Using automation is a great way to create a balanced portfolio with different tools providing various levels of expected profitability and risk. The use of automation is intrinsically connected to technical analysis since you need a good system to generate signals for your bots. However, it also means that you must understand technical analysis on a deep level which means excellently reading candle sticks!
While building your portfolio and including different types of asset types and financial products in it, you need to continuously monitor the situation in the market. The easiest way to do it is to have multiple price charts open at all times and looking at candles to analyze the price dynamic.

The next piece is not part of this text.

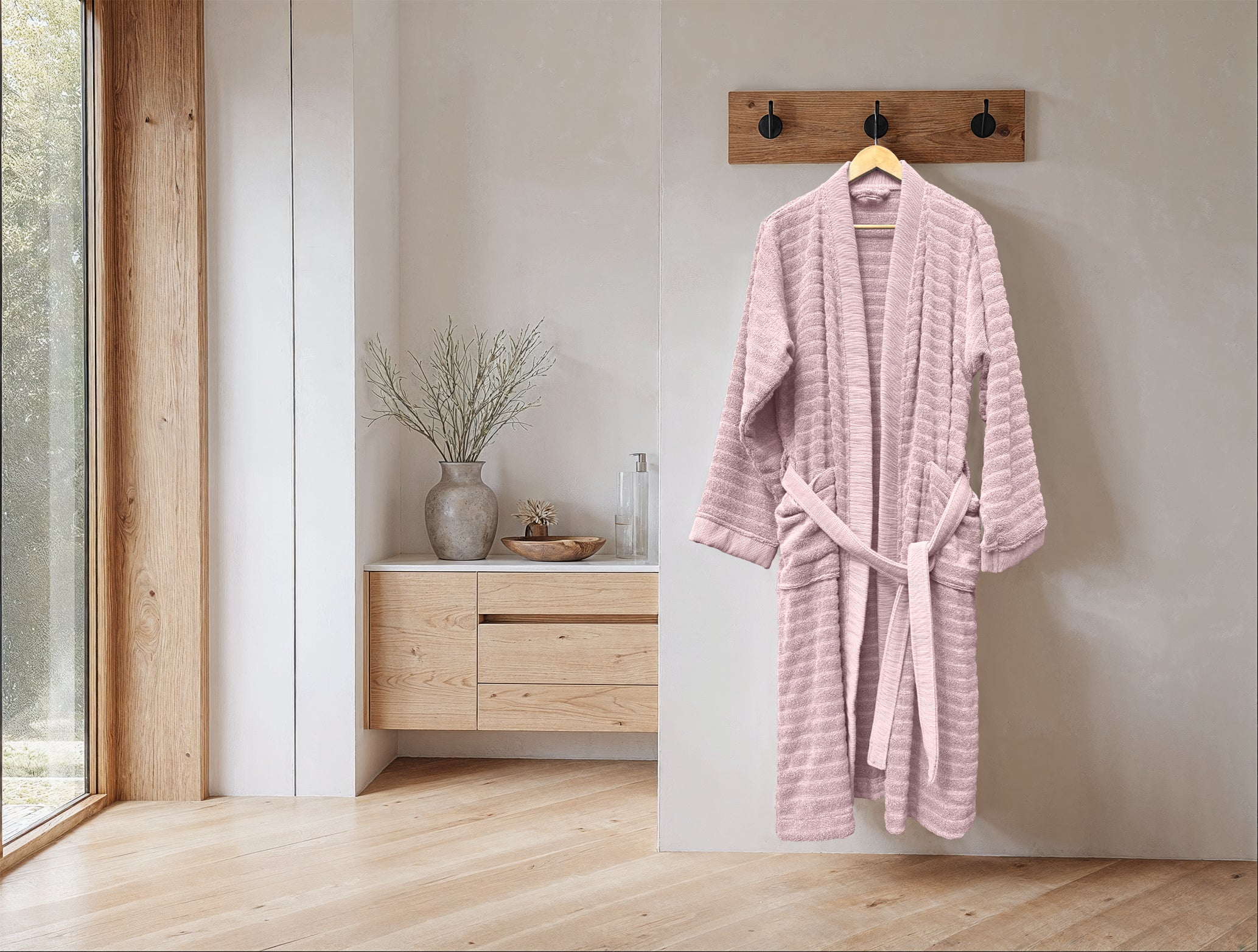 De Prestige badjas van Heckettlane in zachte Shady Pink omhult je met heerlijk comfort en warmte. Gemaakt van 100% katoen voelt hij zacht en ademend aan, perfect voor ontspannen momenten na het douchen of tijdens een rustige ochtend. De subtiele, warme kleur geeft een stijlvolle en serene uitstraling. Met deze badjas kies je voor luxe en comfort in één, elke dag weer.

Only after mastering the skill of reading candlesticks in crypto, you can start focusing on other tasks.
The thought process must be instant and never take more than just a couple of glances to provide you with enough context to make an informed investment decision or verify a signal from your trading system. While it may seem unachievable for novices, it just requires some time and dedication to reach this level of awareness.
The main takeaway
The art of reading candlestick charts is something that must be learned and perfected by all retail traders and investors who want to focus on dealing with assets directly. This centuries-old method of monitoring prices is quite useful and provides valuable insights to all participants of the market. If you want to make informed decisions and optimize your investment game, learn how to read candlesticks and use technical indicators!